No, this isn’t where you make your speaker sound like Kofi Annan or Winston Churchill. It’s where you edit the words toward three specific goals. You want to 1) make the words simple and clear; 2) make the language exciting and fresh; 3) make your speaker sound warm and personable (even if they aren’t).
Too many writers approach speeches thinking they have to sound dramatic and grand. As a result, their speakers appear to the audience as pretentious and pompous. The objective shouldn’t be toward elevated language; the objective should be audience understanding.
Small words are better than long ones. Familiar words are better than unfamiliar one. Sentences, too, should be simplified for the audience and the speaker.
This is especially true if you are writing for a non-native speaker. Audiences need time to process unfamiliar accents and speakers need to be comfortable delivering the words. Simplicity helps on both counts.
Simplicity doesn’t mean making the speech as lean as you can, however. In fact, most speechwriting is more expansive than other types of writing because you must give audiences time to catch up to what the speaker is saying.
If the goal is to create understanding, you often have to repeat your key messages, repeat and restate statistics and use examples and anecdotes to amplify your points.

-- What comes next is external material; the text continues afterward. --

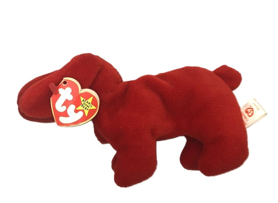Ty Beanie plush toy animal. Beanie baby is in good, clean condition, tag and toy may have some minor wear from storage. Still has tush tag and heart tag attached. Rover is 7 inches long with a date of birth 5/30/1996.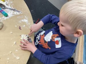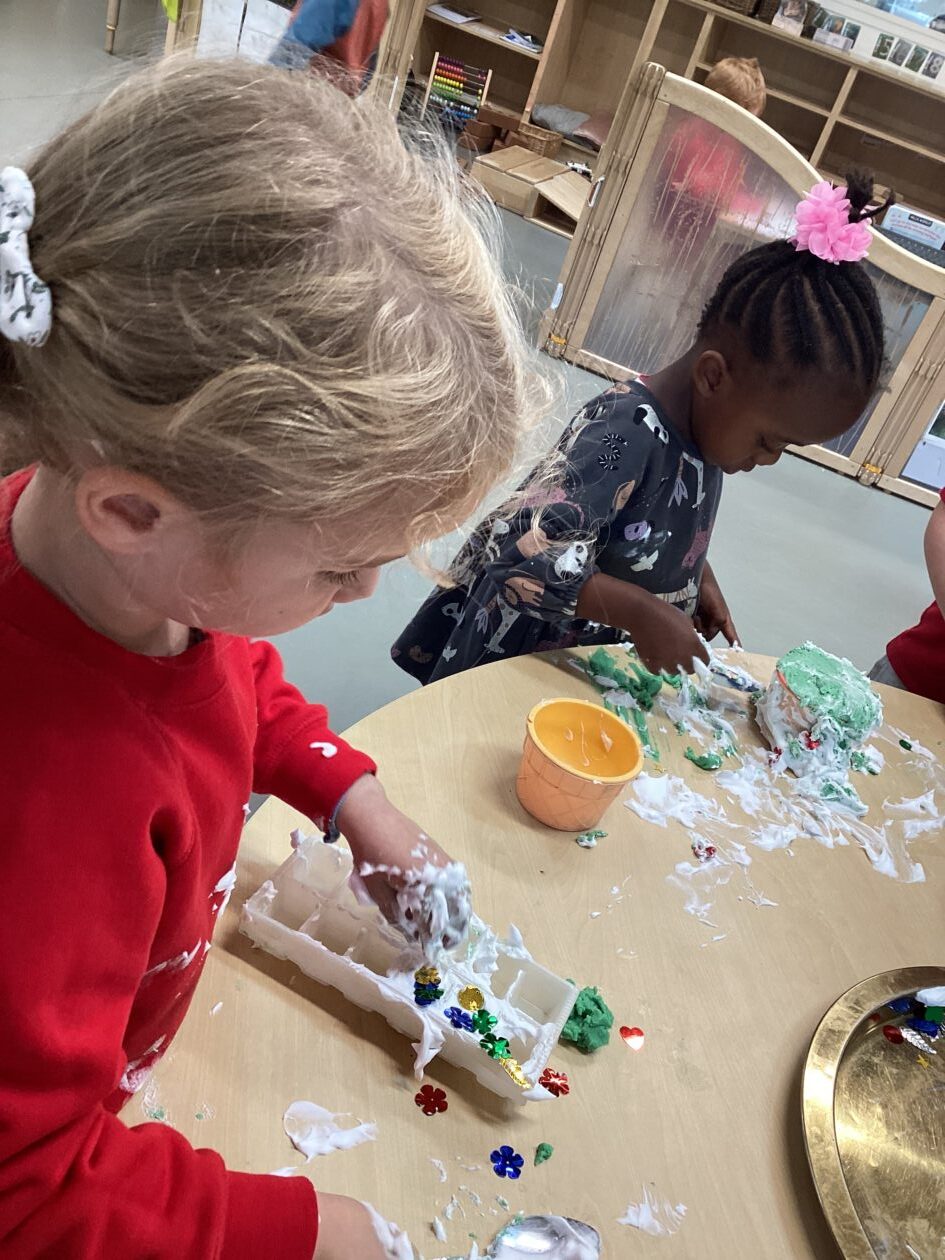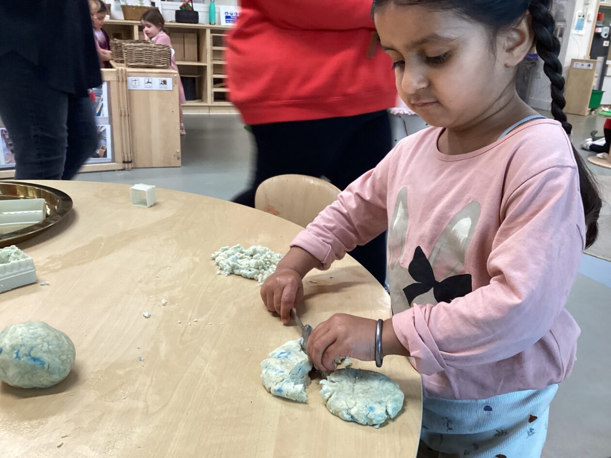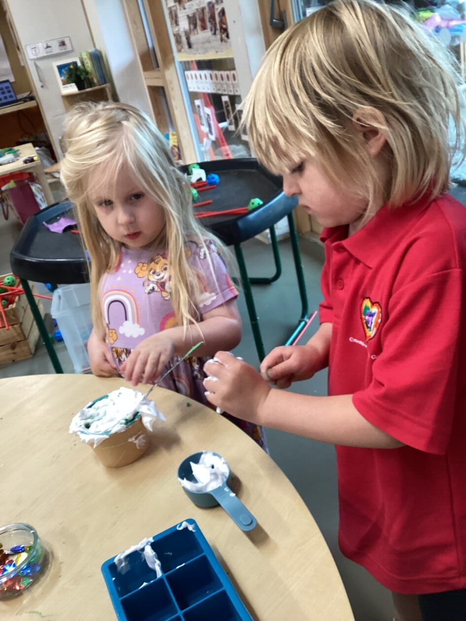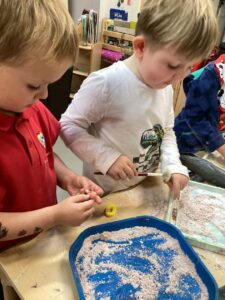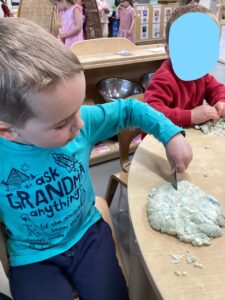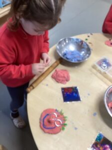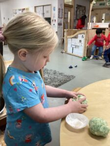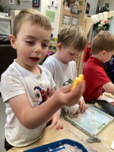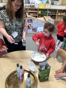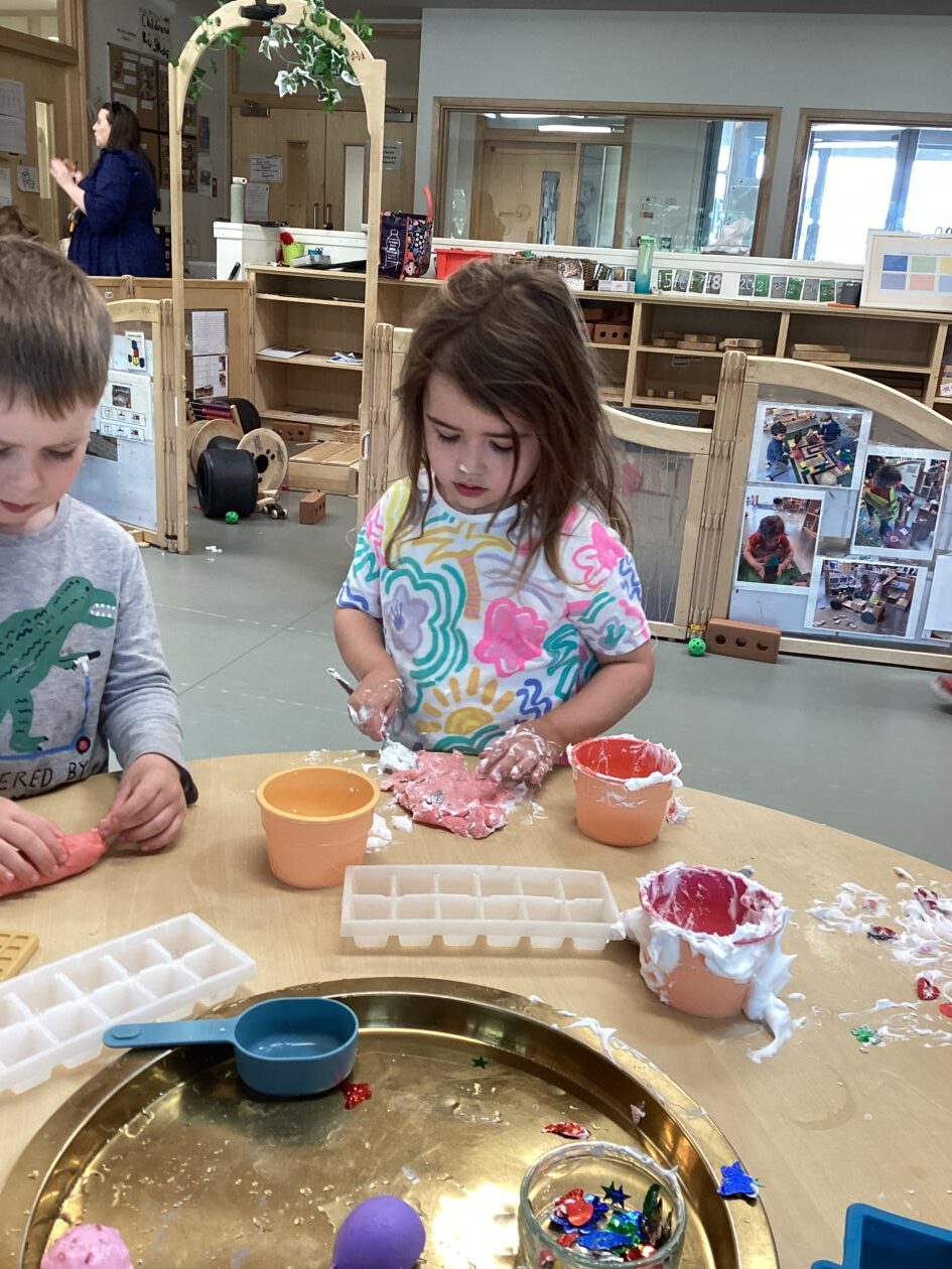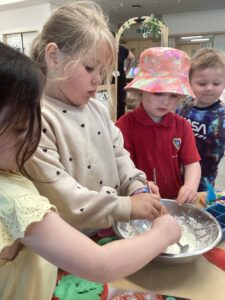 This week in the malleable area we have been looking at Easter and Springtime.We have been exploring numerous textures such as clay, play dough and shaving foam.

At the same time, the language should be fun and exciting to hear. That means deliberately editing in a few of the most useful rhetorical devices. Inserting a rhetorical question, for instance, not only breaks up the speaker’s delivery patterns, it makes the audience think.

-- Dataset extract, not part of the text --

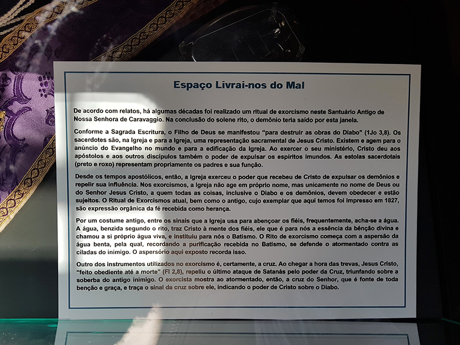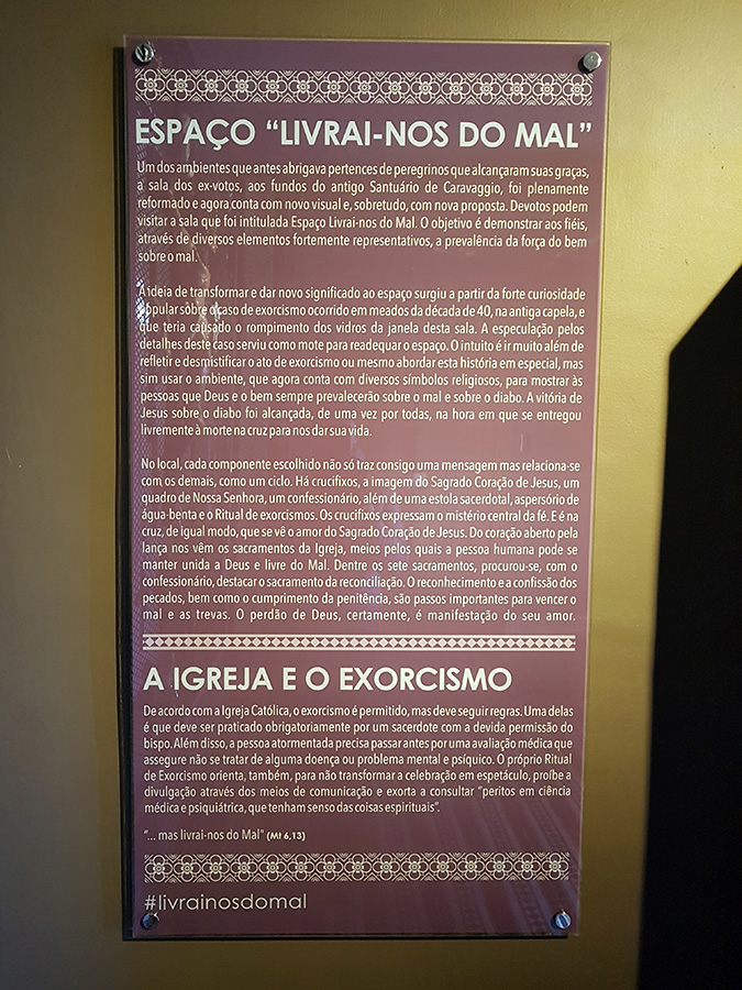 A sala intitulada Espaço Livrai-nos do Mal demonstra, através de diversos elementos representativos, a prevalência da força do bem sobre o mal.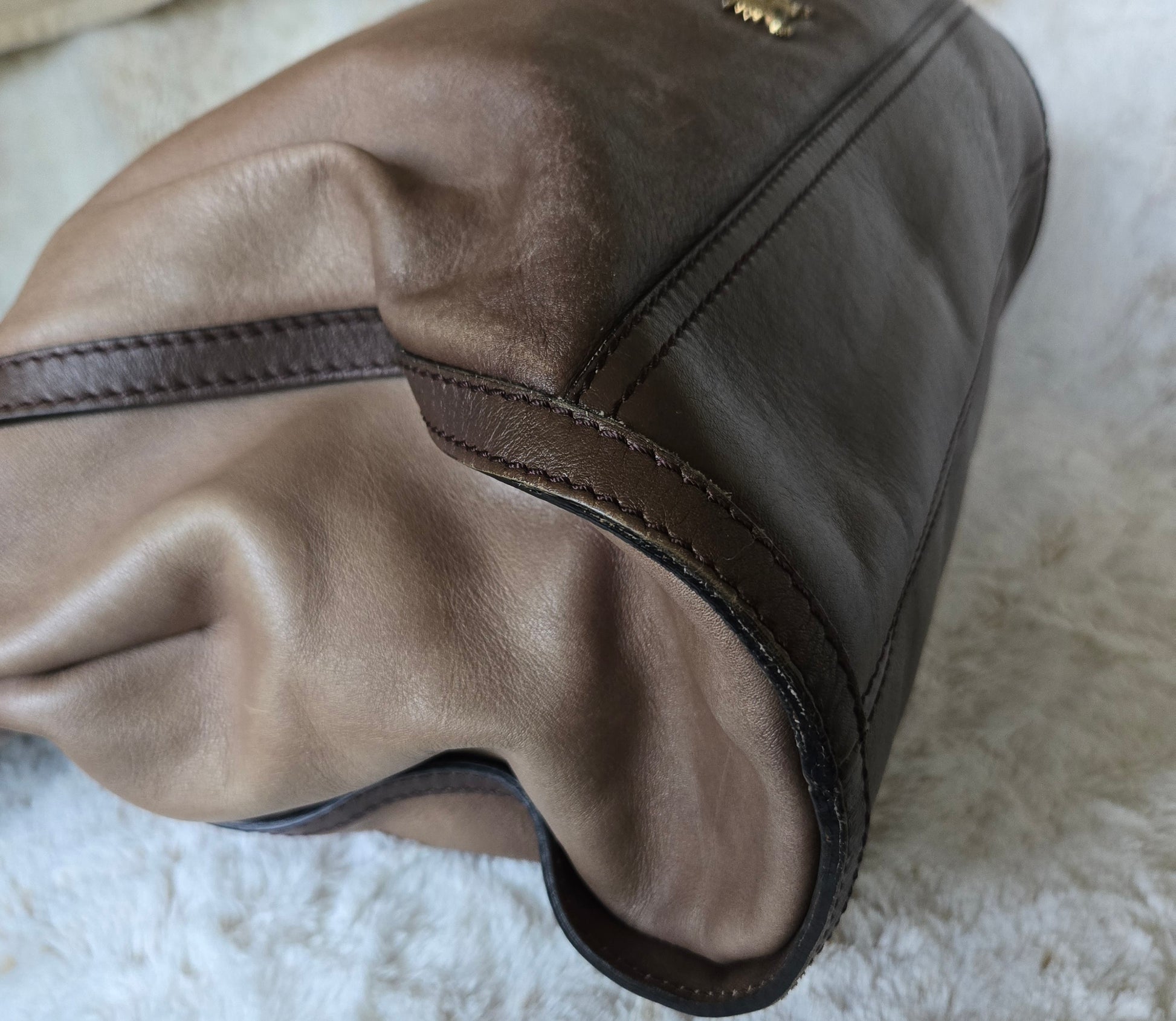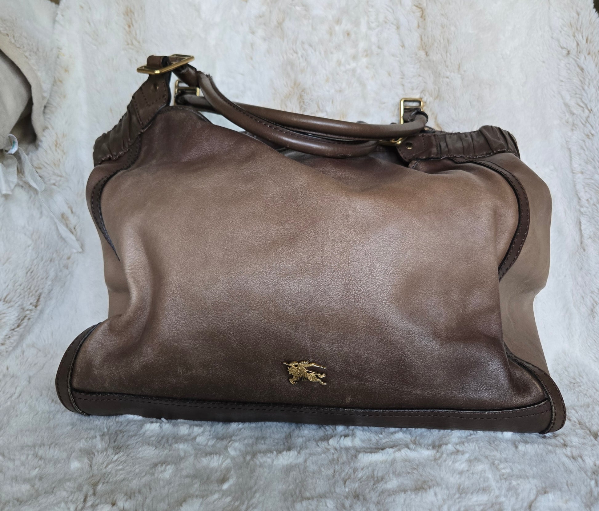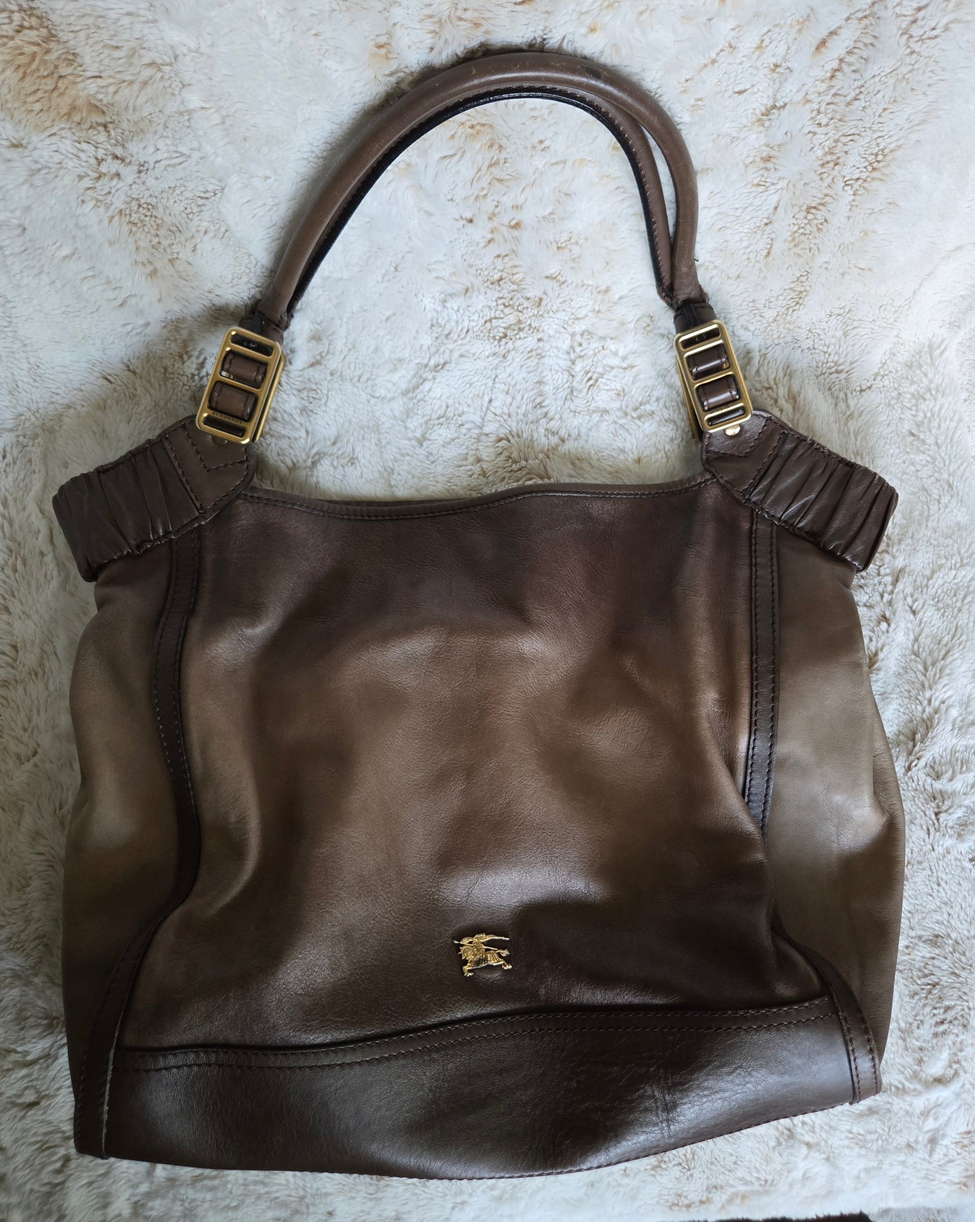 The perfect choice for special occasions, this Burberry tote is true to its existence. Crafted from brown ombre leather, the bag is fabulously built and extremely alluring. Held by dual handles, it has a fabric-lined interior has zip and slip pockets.

You’ll also want to make sure to vary the length of your sentences. Follow a longer sentence with a few short, staccato ones and make sure none of the sentences are too long for your speaker to deliver without gasping for air.
Finally, strive to make sure your speaker seems warm and personal. No one wants to hear someone – or be led by someone – who is all business all the time. So make an effort to make your speaker seem real and approachable.
The best way is to have them share personal anecdotes with the audience. If the anecdotes include some soft, self-deprecating humor, even better.
You can also use short, humorous quotations to great effect. These allow the speaker to be funny even if they naturally aren’t. These don’t have to be from Greek philosophers or business gurus, by the way. The speaker could quote one of their own children, a spouse, a funny headline from the newspaper or even an ad from television.
Lastly, make sure the speaker uses the word “you” a lot. Rewriting sentences to include the word “you” ensures the speakers talk directly to the audience. It’s a subtle device that audience members appreciate and will respond to.
This simple exercise is one of the last editing steps I take because I find it helps me – as a writer – remember who I’m really writing for. I’m writing for an audience and the speech has to be interesting for them above all else.